The next morning I headed back up the Shyok River, stopping at Diskit Gompa on the way. Fearsome guardian figures, so powerful that most were partially shrouded only to be uncovered at festival times filled one of the monastery's rooms . I turned left up the Nubra Valley to Panamik, famed for its hot springs. The springs didn't disappoint—I had a great hot shower at the end of the day!

The guidebook indicated that Panamik was as far as travelers could go, but I sneakily cycled farther up the valley to Sasoma, at a great bend in the river. Soldiers didn't object to my being there, but said that I couldn't go much farther. Far upstream I could see the white of the vast Siachen Glacier, where troops of India and Pakistan have fought under extremely harsh conditions.

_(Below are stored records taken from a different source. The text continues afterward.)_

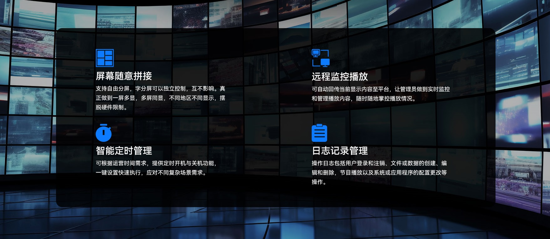 开云GDSM-ES智能零售管理系统可 实现多屏拼接/多屏分离自由选择,也可画中画显示,用户可根据场景自行灵活安排,更可以异形屏幕显示安排,让广告显示更加丰富多彩。同时,还可以轻松查看设备的基本信息,如连接状态、播放状态、播放到期时间,屏幕类型等;可对设备进行分组远程管理,远程设置定时开关机时间,控制设备音量,远程重启、远程升级,远程截屏查看实时画面等,实现屏幕智能管理。
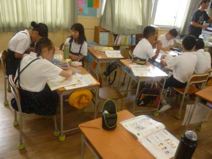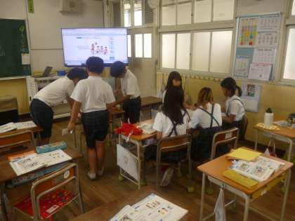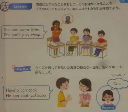5年1組では「友だちのできることやできないことを伝え合おう」を学習しています。「He can 〇〇.」「He can’t ●●.」グループで集まって、お友だちができることやできないことでクイズを作っていました。「cook」「play swimming」など、いろいろな単語を使ってクイズを考えていました。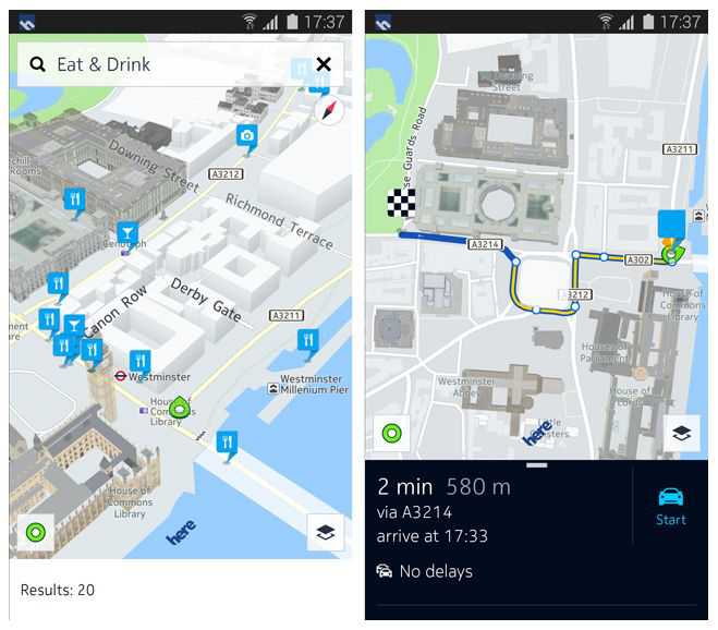 Nokia HERE per Android, grazie alla partnership stipulata con Samsung, sarà disponibile (almeno inizialmente) solo per dispositivi della famiglia Galaxy e sul nuovo smartwatch Gear S, dove sarà possibile ricevere informazioni direttamente sul display.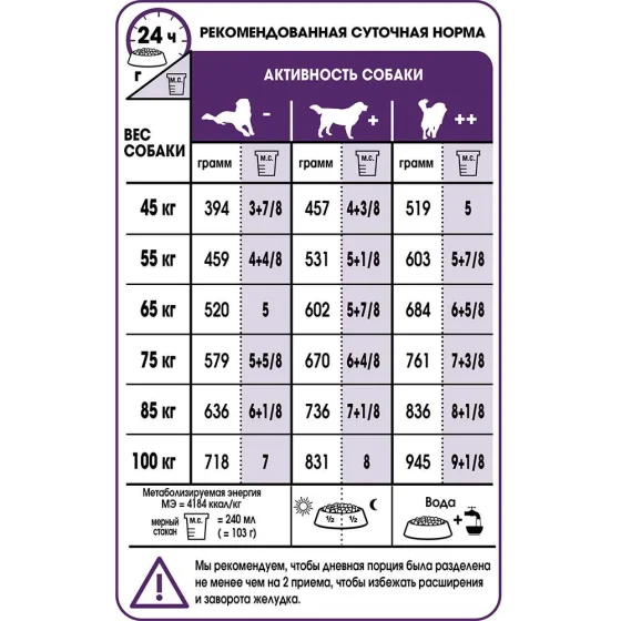 Допомагає підтримувати здоров'я кісток і суглобів собак гігантських порід, вага тіла яких може створювати підвищене навантаження на скелет.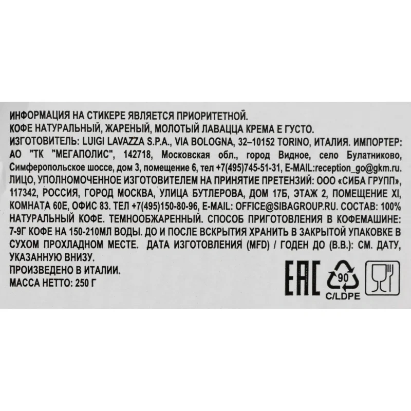 Кофе молотый Lavazza Crema e Gusto 250г, пачка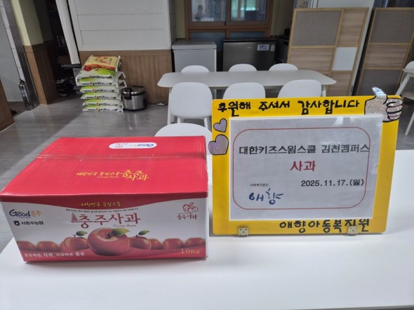 2025. 11. 17 대한키즈스윔스쿨 김천 캠퍼스 사과 후원 고맙습니다^^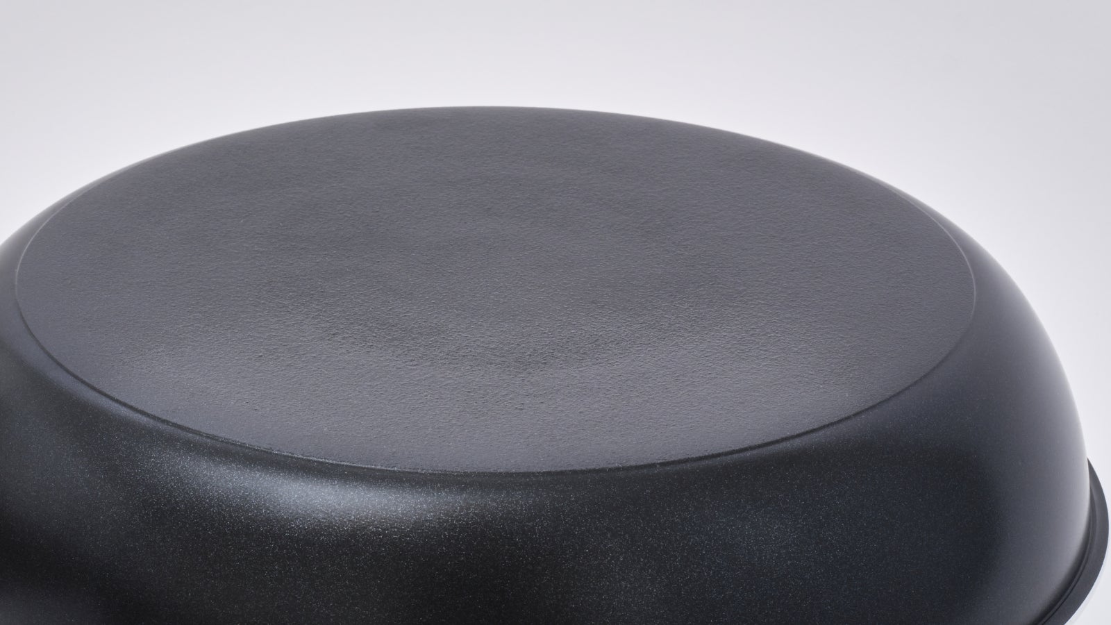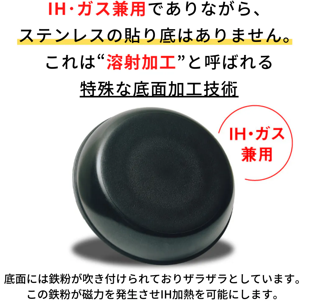 IH調理の際、食材に均一に熱が伝わるように底面の端ギリギリまで溶射加工がしてあります。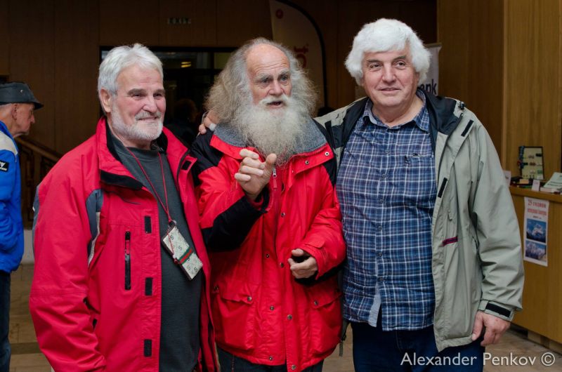 Доайенът на българския алпинизъм проф. Георги Атанасов и Боян Петров (в средата), с Виктор Соколов,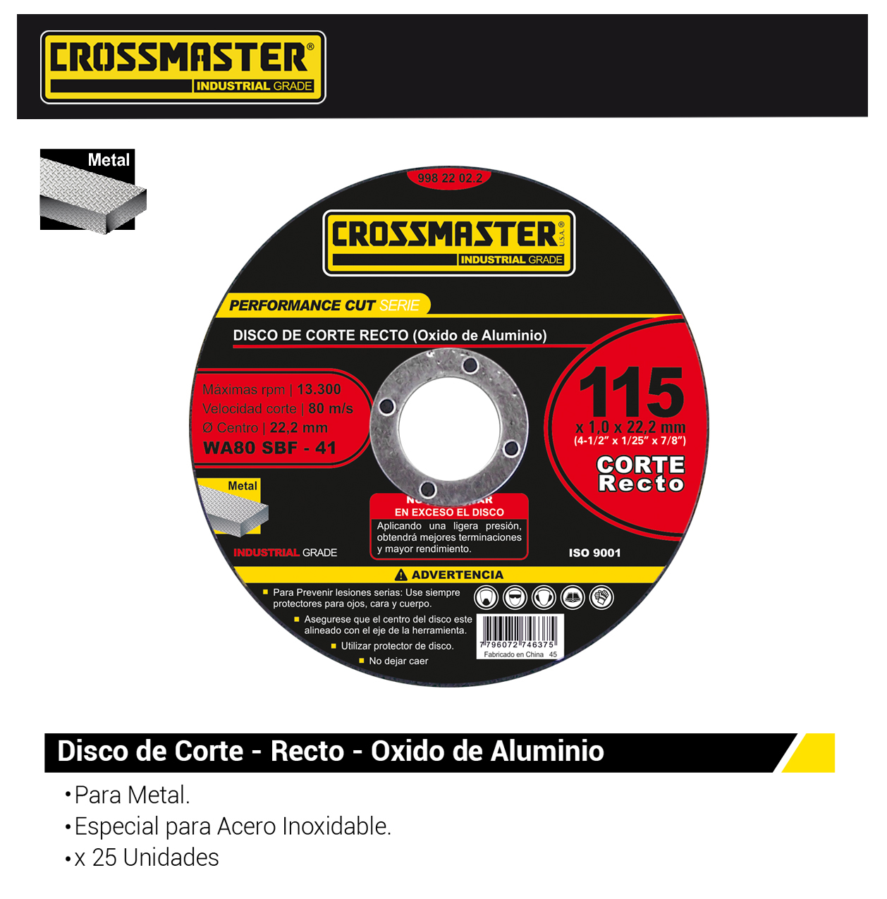 • 115 x 1,6 x 22,2 mm (4-1/2” x 1/16” x 7/8”)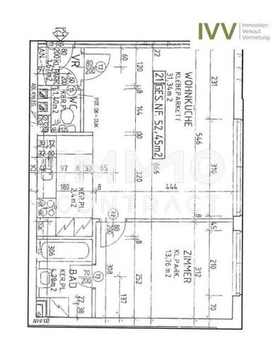 Vorraum, Bad, WC, Wohnküche, Schlafzimmer.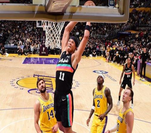 末節,克內克特拋投得分,奧利尼克上籃得分。蒂米三分命中,蒂耶羅扣籃2+1,蒂米又連得4分,把分差縮小到21分。約翰遜扣籃,麥克勞克林三分命中,奧利尼克上籃得分,麥克勞克林搶斷得分,馬刺回敬一波9-0。布朗尼三分命中,卡特-布萊恩特中投得分。布朗尼拋投命中,哈珀上籃得分。最終,馬刺輕鬆擊敗湖人,拿下5連勝。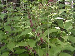 レンゲショウマも次々と色づいてきてボツボツ咲き始めました。うつむき加減で咲くところが又カワイイですね

Returning to Leh took two days, and on the way I camped in the rain near Khardung Village. Luckily the mists partially cleared the next day and the return ride was easier than the first crossing. I could enjoy the pass this time, take photos, and marvel at the great clouds that passed by just overhead. The downhill to Leh was fantastic!

The climb has just begun!
It's harvest time at this village above Leh.

From here it's "only" 14 km farther to Khardung La.
I had to show my permit at North Pullu (lower center).
The town of Leh lies at the left edge of the photo in the patch of dark green.
Snowy peaks of the Zanskar Range stand in the distance.

The kilometers went by ever so slowly.
Looking back toward the Zanskar Range

We made it!
Monks enjoy the panorama of Shyok Valley from a rooftop at Diskit Gompa.

Neither rain, nor sleet, nor snow will stop a determined cyclist!
Coming back up the Kardung La, and only one more kilometer more to the top.

Whew!
High enough
(The actual elevation is likely a few hundred meters (1,000 feet) lower than what the Indians claim.)

Inside the world's highest temple
Shiva has the place of honor in this shrine at Kardung La.

Cyclists are grateful to the unknown laborers, too.
Yes, Bihari laborers live and toil in the frozen world of Khardung La.
The Indian government tries to keep the road over the pass open year-round
to support the large military presence in the Nubra and Shyok Valleys.

Ah, look at all that downhill!
Here we are swooping down toward Leh in the distance.